Technical information
- Licensing authority: CRT
- Class: A
- ERP: 3 kW
- HAAT: −7.8 m (−26 ft)
- Transmitter coordinates: 29°05′39.2″N 110°57′43.6″W﻿ / ﻿29.094222°N 110.962111°W

= XHSILL-FM =

Community radio station in Hermosillo, Sonora, Mexico

XHSILL-FM is a community radio station on 106.7 FM in Hermosillo, Sonora, known as Política y Rock'n'roll Radio.

==History==
Política y Rock'n'roll Radio originated from a program that ran on XHCD-FM 95.5 until 2011 and began operations as an unlicensed station on 97.7 MHz in June 2012. On March 25, 2014, the station's equipment was confiscated.

In order to broadcast legally, the operators of the station formed a civil association, Autogestión Comunicativa, A.C., and began working to obtain a permit. However, the Federal Broadcasting and Telecommunications Law, promulgated in July 2014, replaced permits with two types of concessions: public use, for stations owned by local, state and federal governments and public universities, and social use, for all other noncommercial stations. Two further subdivisions were established in the social use category, community and indigenous.
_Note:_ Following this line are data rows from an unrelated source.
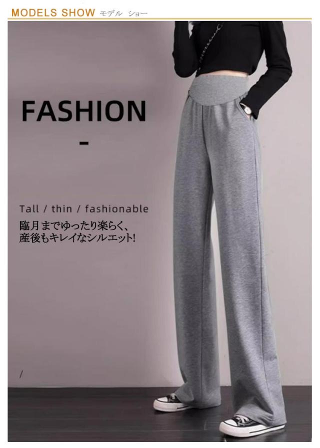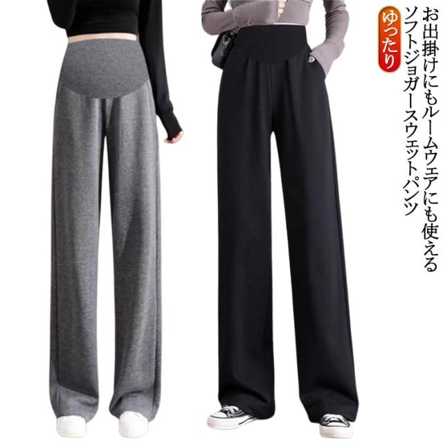 ルームウェア レギンス 春秋 ワイド 秋 パジャマ ワイド パンツ 産前産後 マタニティウェア 春 ゆったり 妊婦 マタニティ ボトム リラックス 臨月 マタニティパンツ 妊娠 マタニティ オフィス ストレート 体型カバー らくちん 黒 ブラック グレー 大きいサイズ
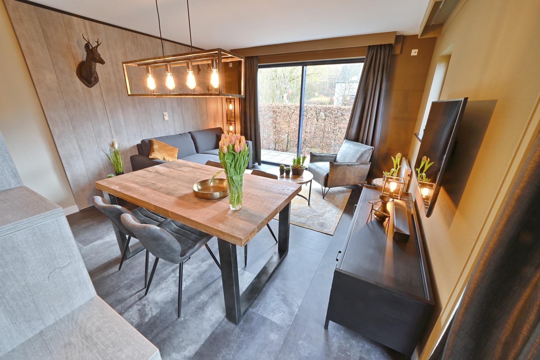 Oplev en fredfyldt ferie i denne smukke lejlighed beliggende i den rolige, skovklædte feriepark Résidence Durbuy. Nyindrettet i 2020, lejligheden blander moderne bekvemmeligheder med varm, indbydende indretning. Det smarte "high sleeper"-design adskiller soveværelsesområdet subtilt og tilbyder privatliv uden at ofre plads. Slap af på den komfortable sovesofa, perfekt til to børn, mens du nyder dine yndlingsprogrammer på det digitale fladskærms-tv. Det slanke åbne køkken er fuldt udstyret, inklusive en opvaskemaskine, hvilket gør tilberedningen af måltider til en leg. Badeværelset har et beroligende badekar med bruser for din komfort. Denne suite ligger i hjertet af Luxembourgs naturskønne Ardennerne-region og er perfekt til par, der ønsker at slappe af, eller eventyrere, der tager deres lodne venner med. Kæledyr er velkomne, og de omkringliggende skovstier inviterer dig og din hund til at udforske naturen sammen. Blot en kort køretur væk finder du kæledyrsvenlige parker og endda organiserede hundevandringsgrupper, der gør socialt samvær let for dine firbenede ledsagere. Efter en dag udendørs kan du slappe af på din private terrasse med havemøbler og nyde den fredelige udsigt. Résidence Durbuy er ideelt placeret i nærheden af charmerende lokale spisesteder, der serverer solide luxembourgske og belgiske retter. Oplev hyggelige caféer og bistroer, hvor kæledyr er velkomne på terrasser, så du kan spise ude uden at efterlade din lodne ven. Til familiesjov giver den fælles swimmingpool og den nærliggende legeplads underholdning for alle aldre.
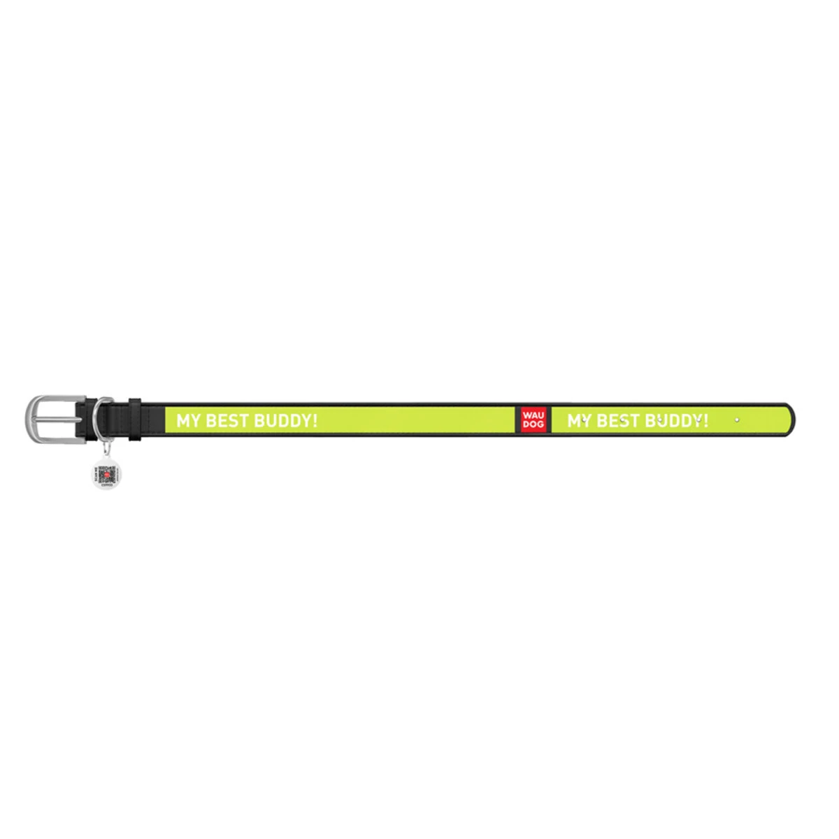 Нашийник WAUDOG Design з малюнком "Друг", преміум шкіра, металевий пряжка (ширина 20 мм, довжина 30-39 см), чорний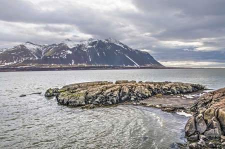 Atlantic Ocean with snow capped mountains and Icelandic Landscap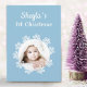 Cute Baby˙s 1st Christmas Snowflake Photo Holiday Card. Cute design with the baby`s photo sorrounded by beautiful white snowflakes - also on the backside. The background is blue. Add your photo and your name on the card.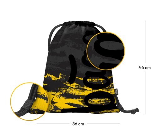 • Sáček na obuv či jiné drobnosti pro vaše volnočasové aktivity. • Sáček je vyroben z pevného omyvatelného materiálu. • Zdrhování pomocí pevných tkanic, které zároveň umožňují nošení na zádech.

When Autogestión Comunicativa was awarded its social community concession by the IFT in November 2015, it was the first time that such a concession had been awarded, enshrining community radio stations in Mexican law; the concession was received in February 2016. The new station, broadcasting as XHSILL-FM on 106.7 MHz, was also the first social station assigned to the new reserved band (106-108 MHz) set aside for broadcasters of this type.

While it was the first new social community radio station (with a federal concession) on air, with testing beginning in July 2016, XHSILL was not the first social community radio station to operate. In April 2016, the IFT transitioned the existing permit of XEYTM-AM, an operating radio station in Teocelo, Veracruz, to a social community concession.